-- EXERCISE GOAL --
Output the listing verbatim, leaving out every picture.

-- DATA EXCERPT --
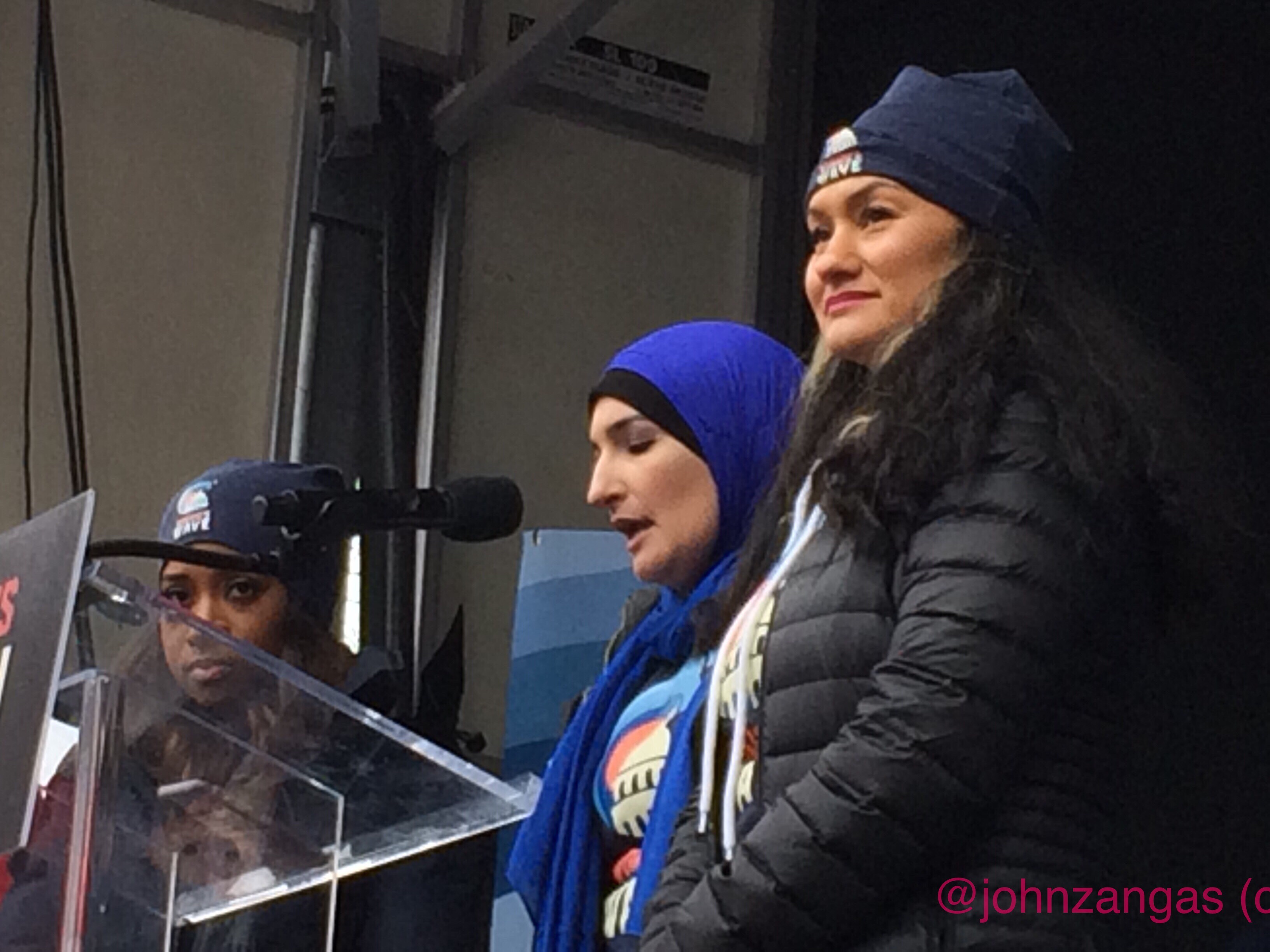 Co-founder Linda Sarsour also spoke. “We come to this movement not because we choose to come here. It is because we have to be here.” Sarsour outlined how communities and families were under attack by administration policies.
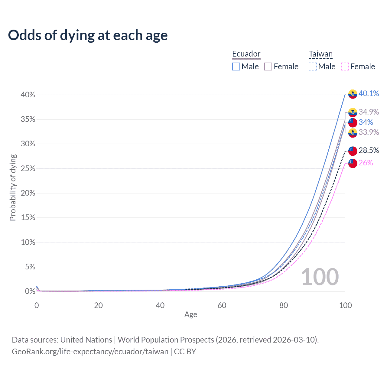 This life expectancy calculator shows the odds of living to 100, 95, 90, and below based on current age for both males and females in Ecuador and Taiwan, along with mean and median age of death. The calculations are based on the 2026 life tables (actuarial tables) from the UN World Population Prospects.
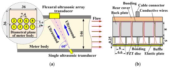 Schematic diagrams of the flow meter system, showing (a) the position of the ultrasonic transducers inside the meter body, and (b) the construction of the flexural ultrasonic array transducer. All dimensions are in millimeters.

-- TASK RESPONSE --
 Co-founder Linda Sarsour also spoke. “We come to this movement not because we choose to come here. It is because we have to be here.” Sarsour outlined how communities and families were under attack by administration policies.
 This life expectancy calculator shows the odds of living to 100, 95, 90, and below based on current age for both males and females in Ecuador and Taiwan, along with mean and median age of death. The calculations are based on the 2026 life tables (actuarial tables) from the UN World Population Prospects.
 Schematic diagrams of the flow meter system, showing (a) the position of the ultrasonic transducers inside the meter body, and (b) the construction of the flexural ultrasonic array transducer. All dimensions are in millimeters.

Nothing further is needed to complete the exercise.